▶ _COLLECTED MATERIAL_:
# # # # #
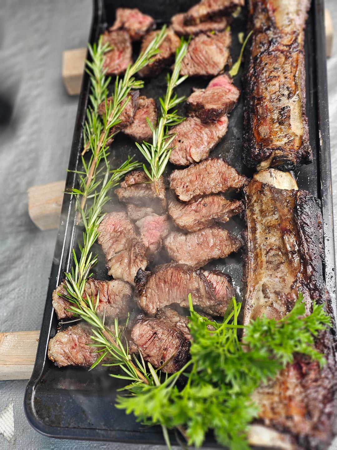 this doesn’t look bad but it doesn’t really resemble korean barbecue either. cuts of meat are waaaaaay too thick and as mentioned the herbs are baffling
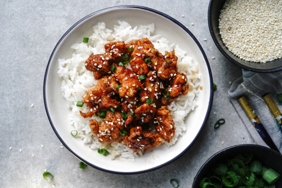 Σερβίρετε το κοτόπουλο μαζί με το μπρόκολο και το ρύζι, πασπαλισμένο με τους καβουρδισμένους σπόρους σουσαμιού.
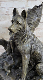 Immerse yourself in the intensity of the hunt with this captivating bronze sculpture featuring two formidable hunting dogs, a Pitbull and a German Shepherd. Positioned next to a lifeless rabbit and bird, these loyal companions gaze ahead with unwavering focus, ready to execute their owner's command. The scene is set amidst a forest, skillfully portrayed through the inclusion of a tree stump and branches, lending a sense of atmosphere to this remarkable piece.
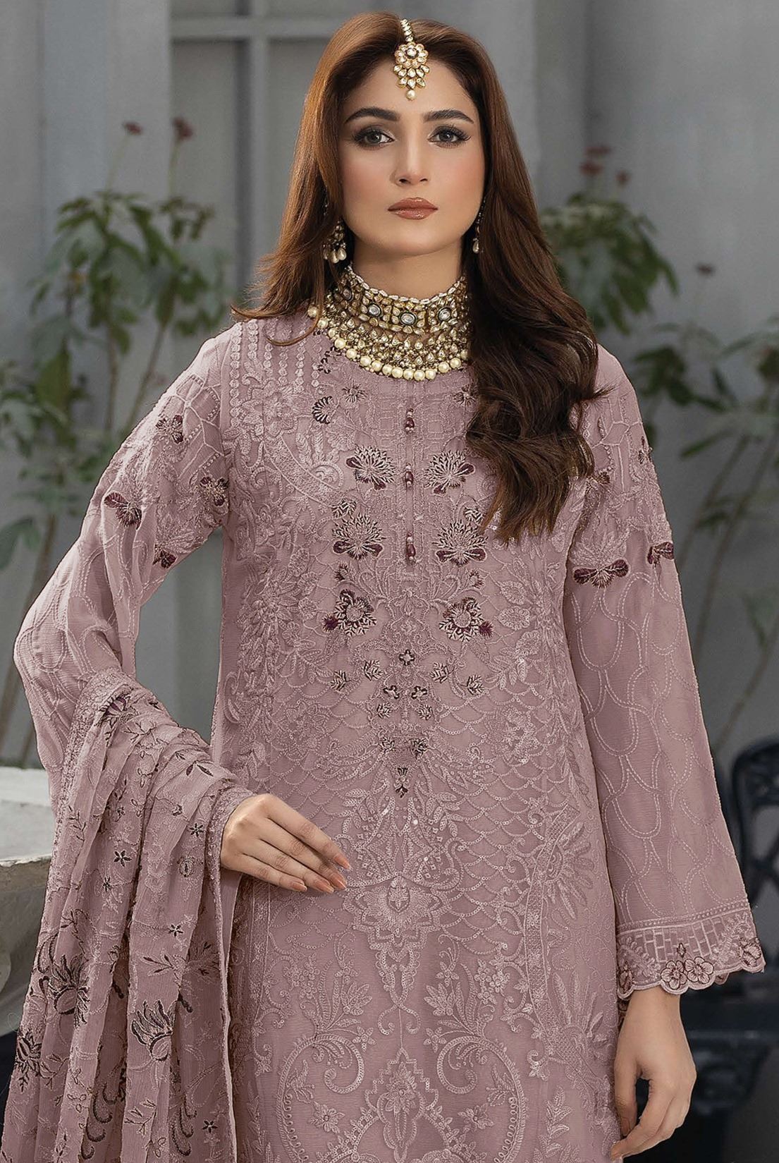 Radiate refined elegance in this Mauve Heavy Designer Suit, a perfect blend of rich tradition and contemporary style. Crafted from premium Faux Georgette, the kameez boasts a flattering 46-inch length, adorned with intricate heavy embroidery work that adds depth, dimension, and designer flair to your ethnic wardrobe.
# # # # #
▶ _ASSIGNMENT_: Nothing but the text of the listing should be set down, exactly, with the pictures left behind.

▶ _ANSWER SPACE_:
 this doesn’t look bad but it doesn’t really resemble korean barbecue either. cuts of meat are waaaaaay too thick and as mentioned the herbs are baffling
 Σερβίρετε το κοτόπουλο μαζί με το μπρόκολο και το ρύζι, πασπαλισμένο με τους καβουρδισμένους σπόρους σουσαμιού.
 Immerse yourself in the intensity of the hunt with this captivating bronze sculpture featuring two formidable hunting dogs, a Pitbull and a German Shepherd. Positioned next to a lifeless rabbit and bird, these loyal companions gaze ahead with unwavering focus, ready to execute their owner's command. The scene is set amidst a forest, skillfully portrayed through the inclusion of a tree stump and branches, lending a sense of atmosphere to this remarkable piece.
 Radiate refined elegance in this Mauve Heavy Designer Suit, a perfect blend of rich tradition and contemporary style. Crafted from premium Faux Georgette, the kameez boasts a flattering 46-inch length, adorned with intricate heavy embroidery work that adds depth, dimension, and designer flair to your ethnic wardrobe.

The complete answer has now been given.